Do you have any suggestions for how to do the sort of thing I'm trying to
do? That is, how do I include allocated-type-specific state in my allocator?
In general, the language around allocators seems sloppy. (For example, the
prologue to Table 28 says to assume that a is of type X&, but some of the
expressions redefine a.) Also, at least GCC's support is non-conformant.
What accounts for this weirdness around allocators? Is it just an infrequently
used feature?
Equality of allocators does not imply that they must have exactly the same internal state, only that they must both be able to deallocate memory that was allocated with either allocator. Cross-type equality of allocators a == b for an allocator a of type X and allocator b of type Y is defined in table 28 as "same as a == Y::template rebind<T>::other(b)". In other words, a == b if memory allocated by a can be deallocated by an allocator instantiated by rebinding b to a's value_type.

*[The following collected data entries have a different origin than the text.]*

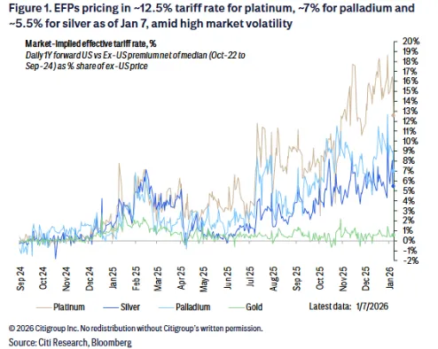 截至 1月 7 日,EFPs 定价显示市场预期铂金关税税率约为 12.5%,钯金约 7%,白银约 5.5%。这些隐含税率在高度波动中反映了市场的不确定性。
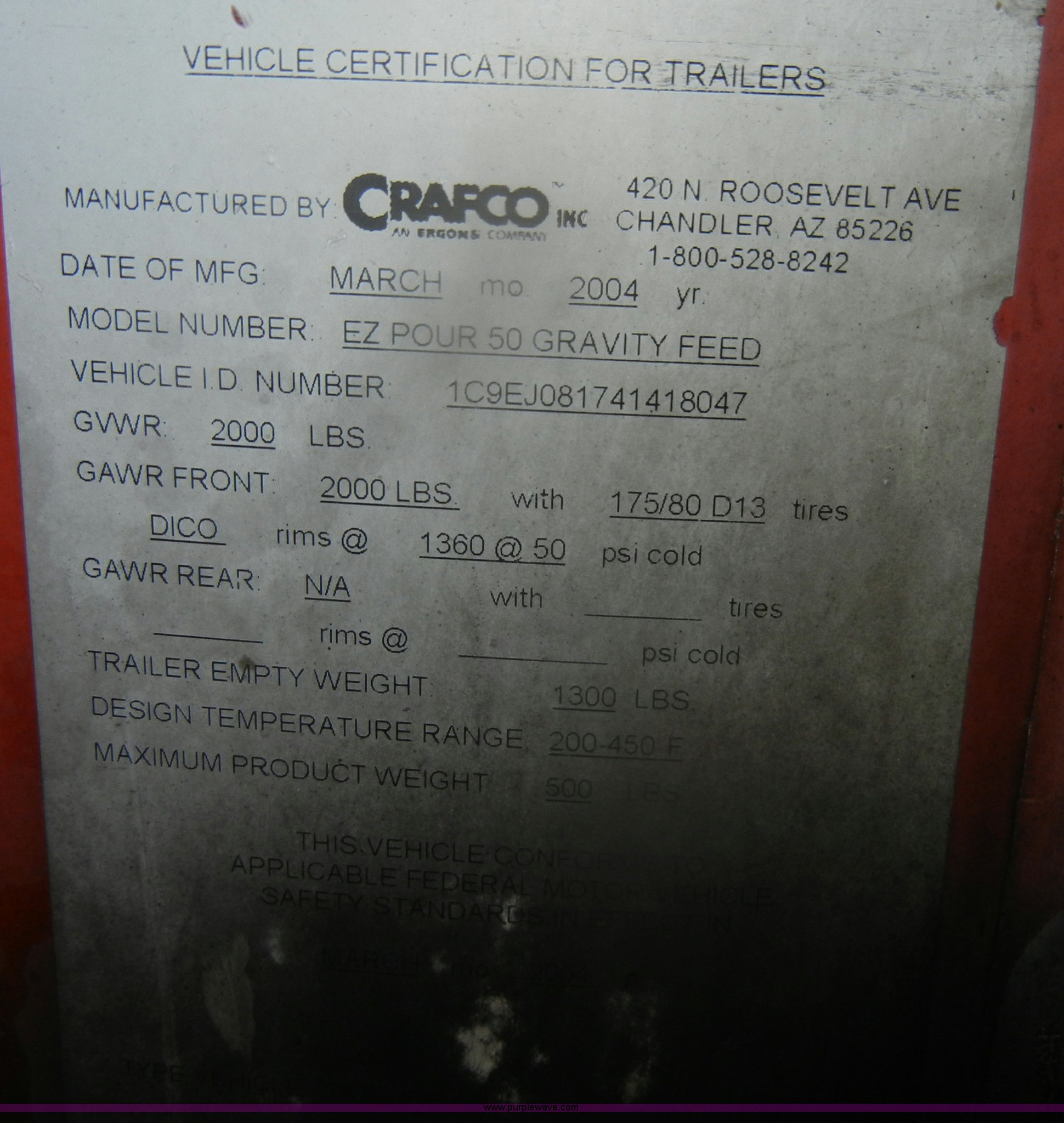 Craft Co EZ Pour 50 melter/applicator. Honda GX160 engine, 2" ball, lights, chains, jack, 175/80D13 tires, GVWR 2,000 lbs. 1C9EJ081741418047. Shipping quotes available. City of Minneapolis. 218 N Rock. Minneapolis, KS 67467
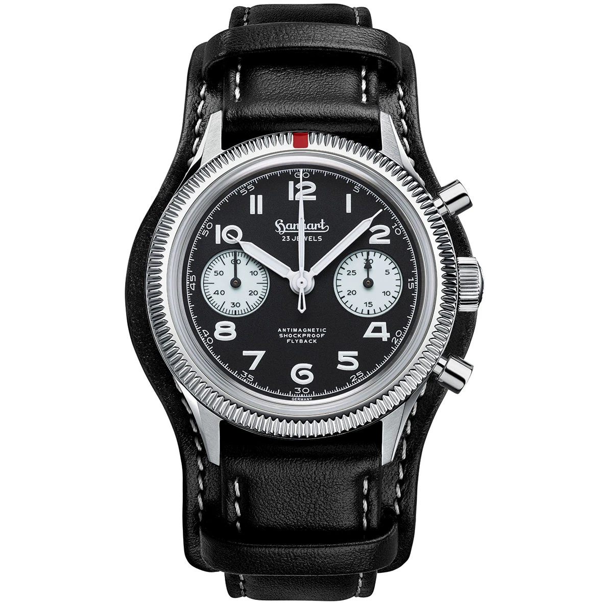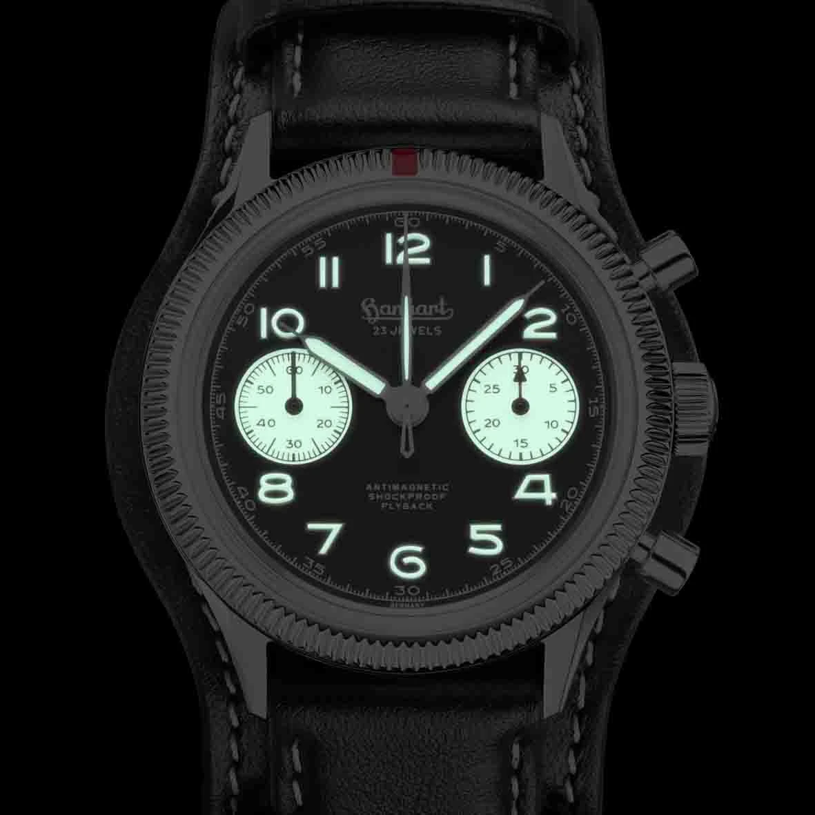Au premier coup d’œil, les caractéristiques distinctives d’un chronographe Hanhart classique sont immédiatement apparentes : la disposition asymétrique des boutons, le bouton de remise à zéro rouge et, selon le modèle, la lunette tournante cannelée et le bracelet en cuir intemporel avec rivetage satiné.

Your freelist allocators need not be able to deallocate nodes of arbitrary type, you only need to ensure that memory allocated by FreelistAllocator<T> can be deallocated by FreelistAllocator<U>::template rebind<T>::other. Given that FreelistAllocator<U>::template rebind<T>::other is the same type as FreelistAllocator<T> in most sane implementations, this is fairly easy to achieve.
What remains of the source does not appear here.